__Data under study__.

------------------------------

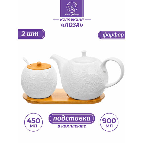 Набор Elan Gallery "Лоза" на бамбуковой подставке выполнен из белого фарфора и украшен рельефным узором. Этот комплект станет воплощением прекрасного вкуса и поможет создать уют в вашем доме. В комплект входят: чайник заварочный объёмом 900 мл и сахарница 450 мл с бамбуковой крышкой и фарфоровой ложкой. Сахарницу можно использовать как баночку с крышкой для меда, варенья, орешков или икры. Чайник оснащен фильтром в виде маленьких отверстий в стеночке, благодаря которому вы сможете наслаждаться ароматной заваркой без попадания мелких чаинок. На фарфоровой крышке с обратной стороны есть небольшой выступ, чтобы она хорошо держалась на чайнике. Праздничный набор подходит для любителей чёрного, зелёного или травяного чая. Вы сможете удивить своих гостей красивой сервировкой стола как в будни, так и на праздник. Не рекомендуется применять абразивные моющие средства. Без бамбуковых деталей можно использовать в микроволновой печи и посудомоечной машине. Бамбук нельзя замачивать! Поставляется в стильной картонной упаковке. Подарите чайный комплект своим близким. Его красивый дизайн и функциональность оценит каждая хозяйка, а высокое качество фарфора и бамбука обеспечат долговечность этого подарка.
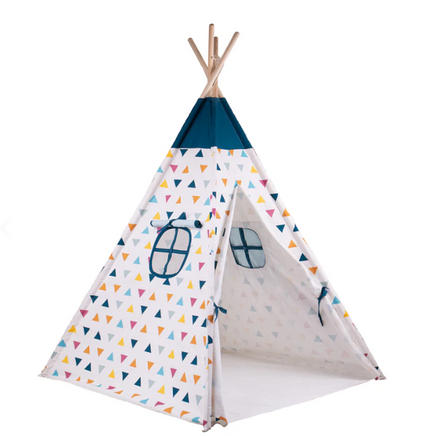 Equip your child's nursery or bedroom with this Teepee Tent, complete with curtains. It offers the perfect hideaway for playing or cozying up with a book. Easy to assemble, the wooden poles interlock smoothly. Sewn pockets at the bottom secure the poles without the need for plastic, ensuring safety for children 18 months and older.
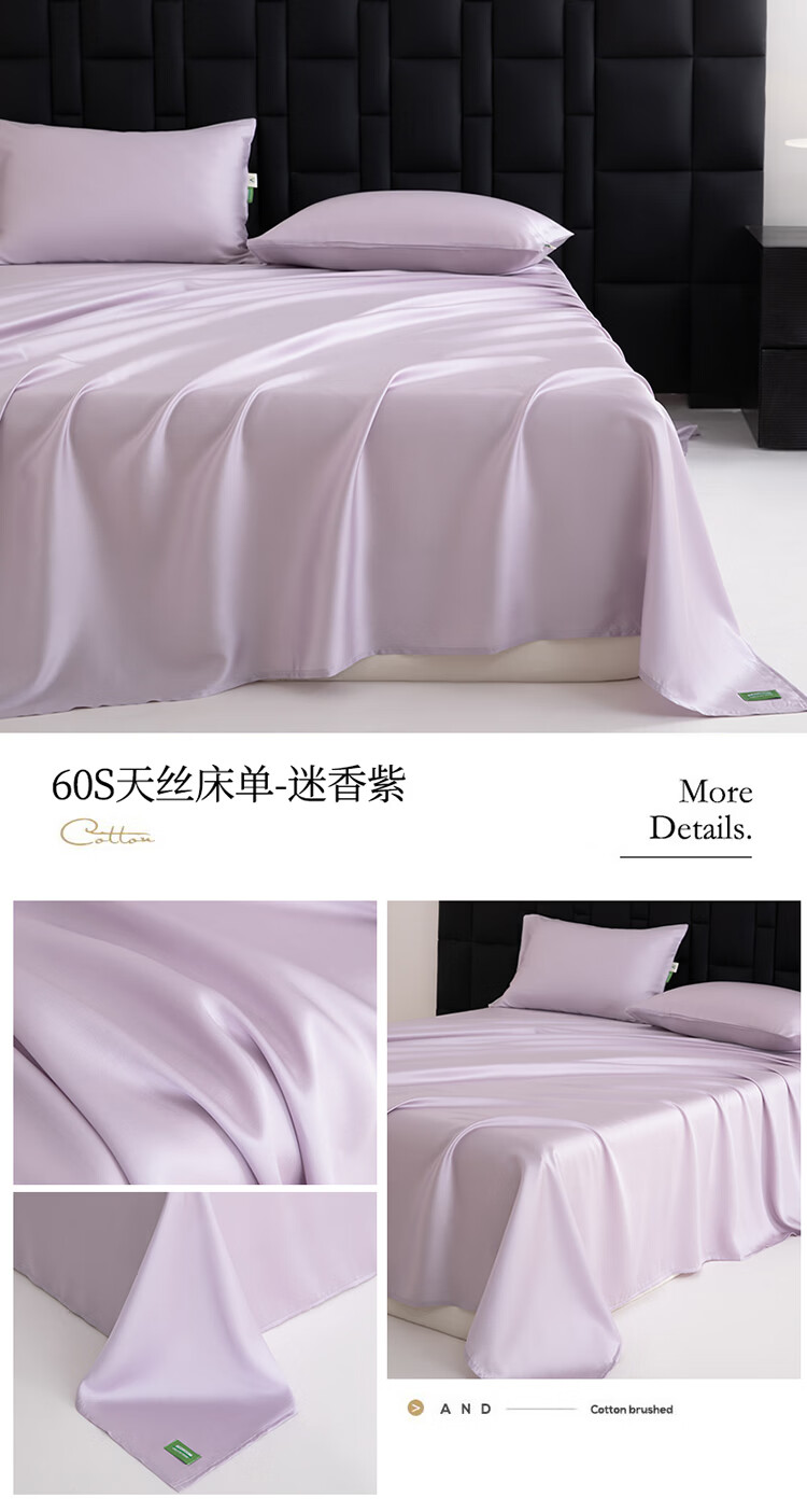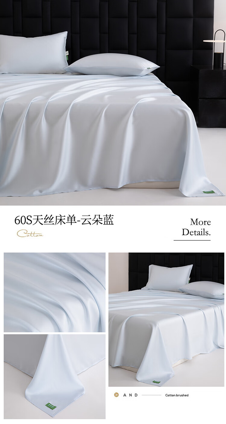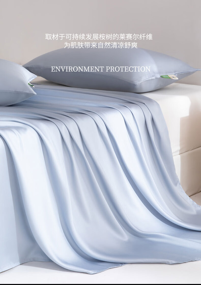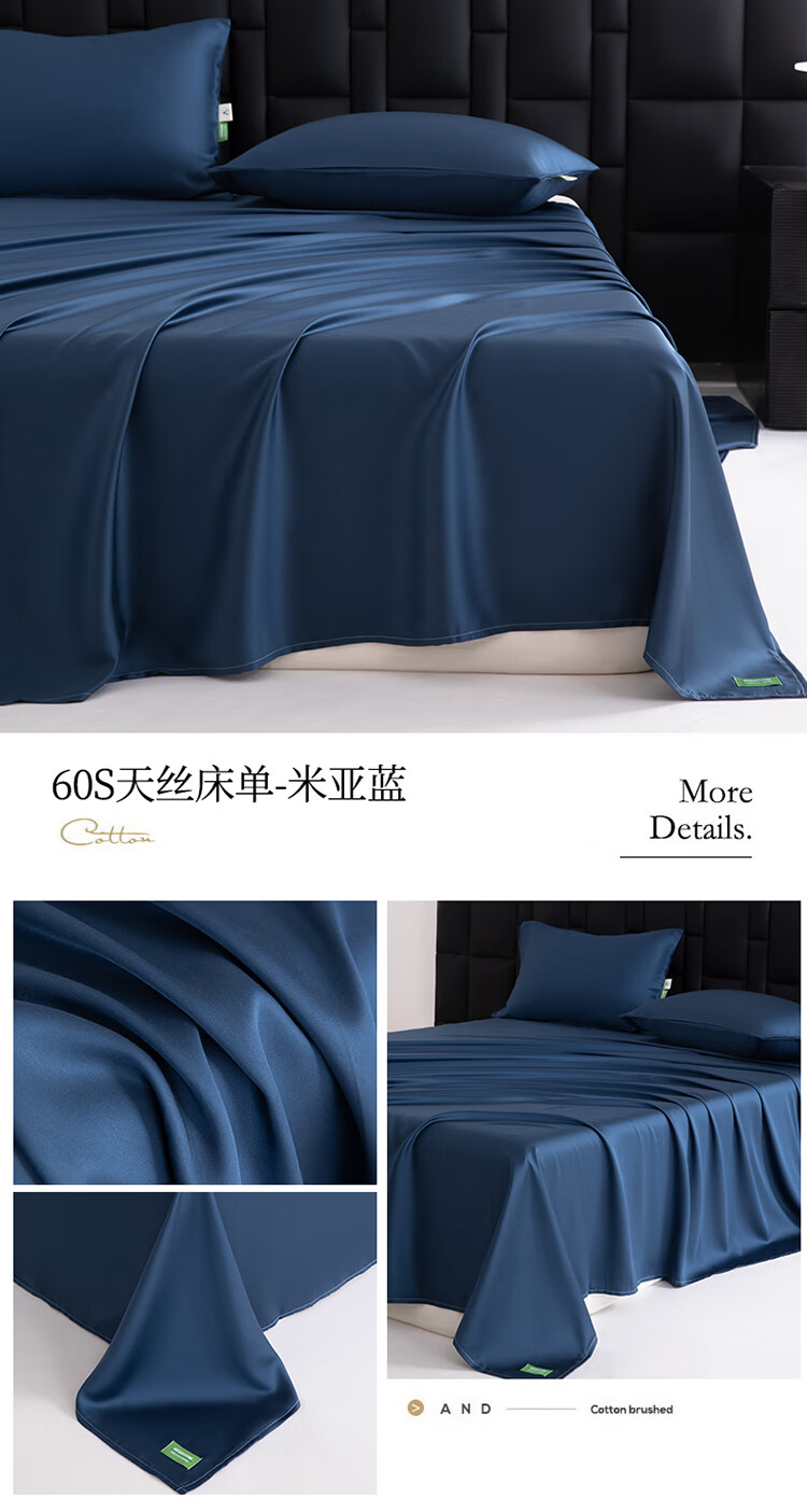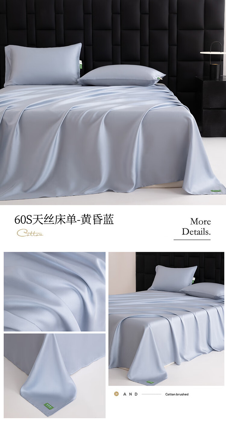 无印良品60支天丝床单200x230cm单人夏季凉感可裸睡被单单件宿舍家用3件套 60S天丝床单-黄昏蓝【凉感透气 清爽不闷】 120cm*230cm 单床单【适用0.9m床】
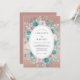 Ömtåliga teal- och rosafärgade blommor flätas samman med mjuk grön lövverk mot en varm rosaguld bakgrund. Denna romantiska design frammanar en känsla av underdriftad elegans och naturlig skönhet för en minnesvärd tillställning.
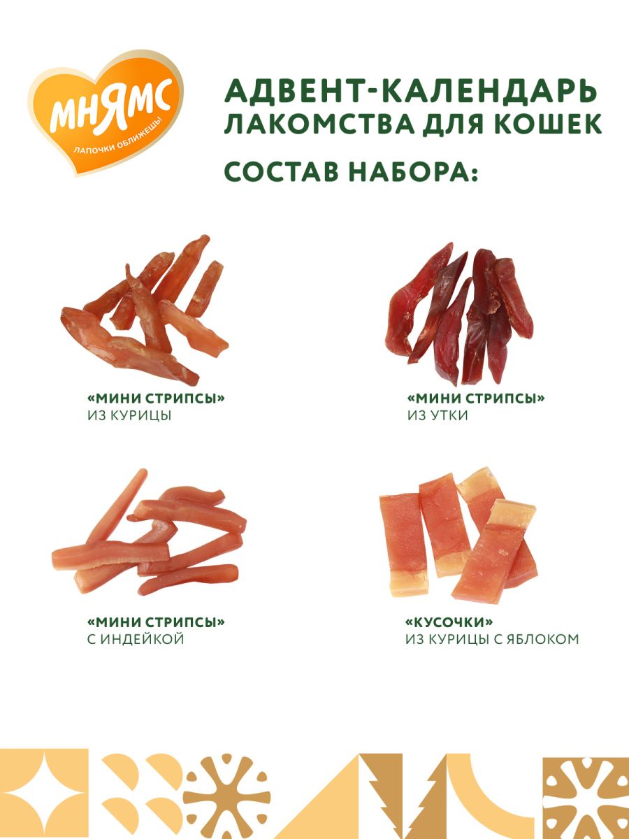 Набор лакомств для кошек Мнямс «Адвент-календарь». Хотите, чтобы ваша кошка ждала праздника вместе с вами? Подарите ей адвент-календарь "Мнямс"! В каждом окошке - натуральные и полезные лакомства, которые обязательно понравятся вашему любимцу. Открывайте окошки одно за другим и дарите вкусные эмоции каждый день!
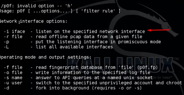 در ادامه دستور را وارد کنید که پارامتر i- نام اینترفیس نمایش یافته فوق است. پارامتر p- به معنی حالت promiscuous است و o- موجب میشود که خروجی در یک فایل ذخیره شود.
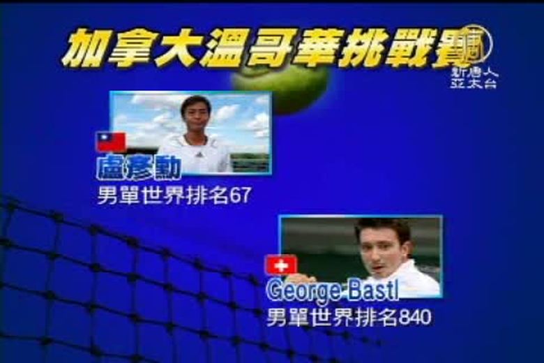 好,來看到,另一位台灣體壇網球好手,盧彥勳,則是在今天先傳來捷報。盧彥勳角逐加拿大溫哥華挑戰賽,週三在男單首輪以6比2、6比1擊敗瑞士選手巴斯托,順利晉級第2輪。目前男單世界排名67的盧彥勳,在溫哥華挑戰賽中,被列為頭號種子,首輪對手是瑞士籍的巴斯托,除了排名落後盧彥勳一大截、目前男單世界排名840、而且已經36 歲,盧彥勳沒有碰上多少障礙,只花了1小時又2分鐘,就順利晉級第二輪。盧彥勳下一輪碰到的對手是英國的博格丹諾維奇,目前男單世界排名372。 //asset1.ntdtv.com.tw/public/uploads/video/2011/08/04/20110804-3799736.flv 盧彥勳|網球|加拿大溫哥華挑戰賽2011-08-03 21:04:08
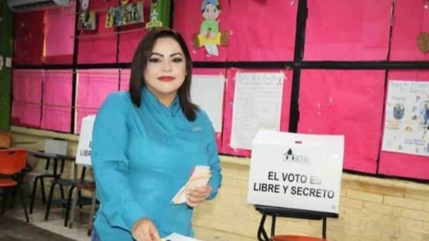 Verónica Aguirre acudió este domingo, alrededor de la 13:00 horas, a emitir su voto en la casilla ubicada en la escuela ‘Juana de Asbaje’

------------------------------

__Instructions to follow__. Although the records above contain pictures, the copy should not; retype exactly the lines from the one containing "无印良品60支天丝床单200x230cm单人夏季凉感可裸睡被单单件宿舍家用3件套 60S天丝床单-黄昏蓝【凉感透气 清爽不闷】" through the one containing "در ادامه دستور".

__Your response__.
 无印良品60支天丝床单200x230cm单人夏季凉感可裸睡被单单件宿舍家用3件套 60S天丝床单-黄昏蓝【凉感透气 清爽不闷】 120cm*230cm 单床单【适用0.9m床】
 Ömtåliga teal- och rosafärgade blommor flätas samman med mjuk grön lövverk mot en varm rosaguld bakgrund. Denna romantiska design frammanar en känsla av underdriftad elegans och naturlig skönhet för en minnesvärd tillställning.
 Набор лакомств для кошек Мнямс «Адвент-календарь». Хотите, чтобы ваша кошка ждала праздника вместе с вами? Подарите ей адвент-календарь "Мнямс"! В каждом окошке - натуральные и полезные лакомства, которые обязательно понравятся вашему любимцу. Открывайте окошки одно за другим и дарите вкусные эмоции каждый день!
 در ادامه دستور را وارد کنید که پارامتر i- نام اینترفیس نمایش یافته فوق است. پارامتر p- به معنی حالت promiscuous است و o- موجب میشود که خروجی در یک فایل ذخیره شود.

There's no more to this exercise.